电路理论（英文班）知识汇总

提示

带单位，写 $t>0$ （如有）
When solving Thevenin equialent/Norton equialent, determine the positive / negative voltage. If there is a voltage source across the resistor we want to obtain the Thevein equivalent(or there is a current source through the branch), we can only find $V_{th}$ or $I_{N}$ ,while the $R_{th}$ or $R_{N}$ is $0$ or $\infty$
power is different from energy
saturate 饱和
DC 直流
ideal transformer: When the voltage is not given in the problem, it can be set by yourself.
fraction 分数 / 比例
$w=2\pi f$
Note the positive and negative of voltage and current!!!

DC circuits

A branch ( Number $b$ )is a single two-terminal element in an electric circuit. A node( Number $n$ ) is the point of connection between two or more branches.
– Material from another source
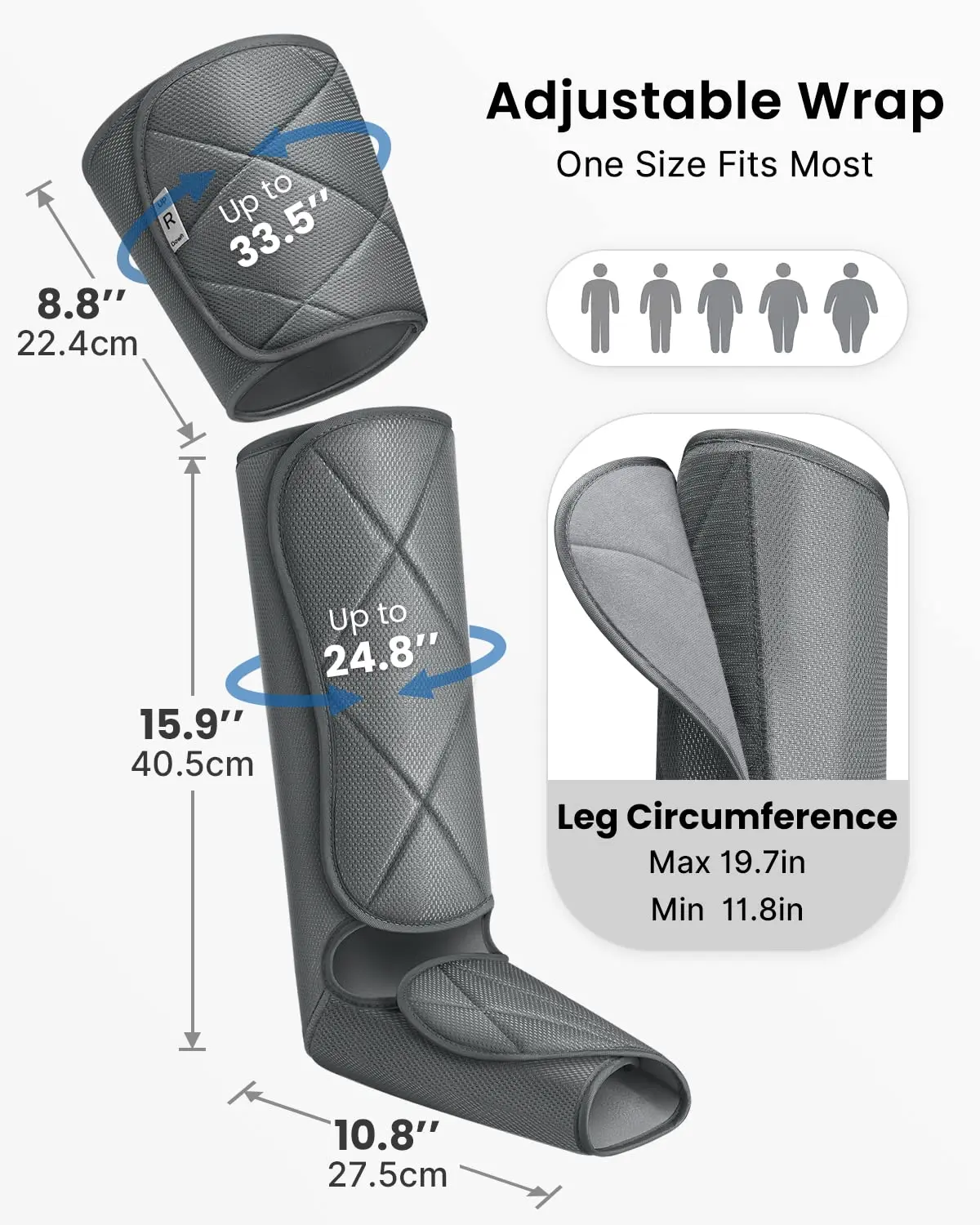The adjustable wrap design ensures a perfect fit for any size. Simply use the Velcro straps to customize the fit to your legs. The calf wraps accommodate circumferences up to 24.8 inches, fitting calves from 11.8 inches to 19.7 inches. The thigh wraps can accommodate circumferences up to 33.5 inches.

A loop ( independent loops $l$ ) is a closed path in a circuit. ( $n-1$ is the number of tree branch.)

b=l+n-1

Delta to Wye

R_{1}=\frac{R_{b}R_{c} }{R_{a}+R_{b}+R_{c} }

（自己在对面，两面夹击，除以所有）

Wye to Delta

R_{a}=\frac{ {R_{1}R_{2}+R_{2}R_{3}+R_{3}R_{1} }}{R_{1} }

（所有相乘，除以自己，得到对面）

Nodal Analyses

\left[ \begin{matrix} {G_{1 1} } & {G_{1 2} } & {\cdots} & {G_{1 N} } \\ {G_{2 1} } & {G_{2 2} } & {\cdots} & {G_{2 N} } \\ {\vdots} & {\vdots} & {\vdots} & {\vdots} \\ {G_{N 1} } & {G_{N 2} } & {\cdots} & {G_{N N} } \\ \end{matrix} \right] \left[ \begin{matrix} {v_{1} } \\ {v_{2} } \\ {\vdots} \\ {v_{N} } \\ \end{matrix} \right]=\left[ \begin{matrix} {i_{1} } \\ {i_{2} } \\ {\vdots} \\ {i_{N} } \\ \end{matrix} \right]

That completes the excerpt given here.